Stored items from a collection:
◆ ◆ ◆ ◆ ◆
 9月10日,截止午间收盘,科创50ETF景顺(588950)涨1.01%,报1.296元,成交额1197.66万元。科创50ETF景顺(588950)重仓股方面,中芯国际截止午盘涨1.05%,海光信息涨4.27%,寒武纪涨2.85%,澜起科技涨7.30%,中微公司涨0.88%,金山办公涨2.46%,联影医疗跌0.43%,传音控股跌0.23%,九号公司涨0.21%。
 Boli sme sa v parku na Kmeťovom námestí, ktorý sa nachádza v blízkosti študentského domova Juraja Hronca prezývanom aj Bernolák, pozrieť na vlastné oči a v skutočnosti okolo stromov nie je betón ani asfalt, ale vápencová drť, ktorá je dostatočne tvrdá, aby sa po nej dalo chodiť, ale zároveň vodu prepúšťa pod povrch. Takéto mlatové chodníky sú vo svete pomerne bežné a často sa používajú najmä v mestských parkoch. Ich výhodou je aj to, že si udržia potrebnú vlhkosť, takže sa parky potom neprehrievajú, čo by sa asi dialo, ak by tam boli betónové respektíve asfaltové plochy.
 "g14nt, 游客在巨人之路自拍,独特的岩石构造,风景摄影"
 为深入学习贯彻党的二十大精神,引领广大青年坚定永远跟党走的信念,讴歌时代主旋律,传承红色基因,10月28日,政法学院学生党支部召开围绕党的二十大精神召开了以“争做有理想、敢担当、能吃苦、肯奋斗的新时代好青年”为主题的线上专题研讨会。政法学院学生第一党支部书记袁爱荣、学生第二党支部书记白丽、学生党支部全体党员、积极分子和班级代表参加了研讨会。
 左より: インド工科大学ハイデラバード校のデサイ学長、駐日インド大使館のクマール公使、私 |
◆ ◆ ◆ ◆ ◆
* **TRY IT**: Exactly as they appear above, give the entries again.

* **RESULT OF THIS EXERCISE**:
 9月10日,截止午间收盘,科创50ETF景顺(588950)涨1.01%,报1.296元,成交额1197.66万元。科创50ETF景顺(588950)重仓股方面,中芯国际截止午盘涨1.05%,海光信息涨4.27%,寒武纪涨2.85%,澜起科技涨7.30%,中微公司涨0.88%,金山办公涨2.46%,联影医疗跌0.43%,传音控股跌0.23%,九号公司涨0.21%。
 Boli sme sa v parku na Kmeťovom námestí, ktorý sa nachádza v blízkosti študentského domova Juraja Hronca prezývanom aj Bernolák, pozrieť na vlastné oči a v skutočnosti okolo stromov nie je betón ani asfalt, ale vápencová drť, ktorá je dostatočne tvrdá, aby sa po nej dalo chodiť, ale zároveň vodu prepúšťa pod povrch. Takéto mlatové chodníky sú vo svete pomerne bežné a často sa používajú najmä v mestských parkoch. Ich výhodou je aj to, že si udržia potrebnú vlhkosť, takže sa parky potom neprehrievajú, čo by sa asi dialo, ak by tam boli betónové respektíve asfaltové plochy.
 "g14nt, 游客在巨人之路自拍,独特的岩石构造,风景摄影"
 为深入学习贯彻党的二十大精神,引领广大青年坚定永远跟党走的信念,讴歌时代主旋律,传承红色基因,10月28日,政法学院学生党支部召开围绕党的二十大精神召开了以“争做有理想、敢担当、能吃苦、肯奋斗的新时代好青年”为主题的线上专题研讨会。政法学院学生第一党支部书记袁爱荣、学生第二党支部书记白丽、学生党支部全体党员、积极分子和班级代表参加了研讨会。
 左より: インド工科大学ハイデラバード校のデサイ学長、駐日インド大使館のクマール公使、私 |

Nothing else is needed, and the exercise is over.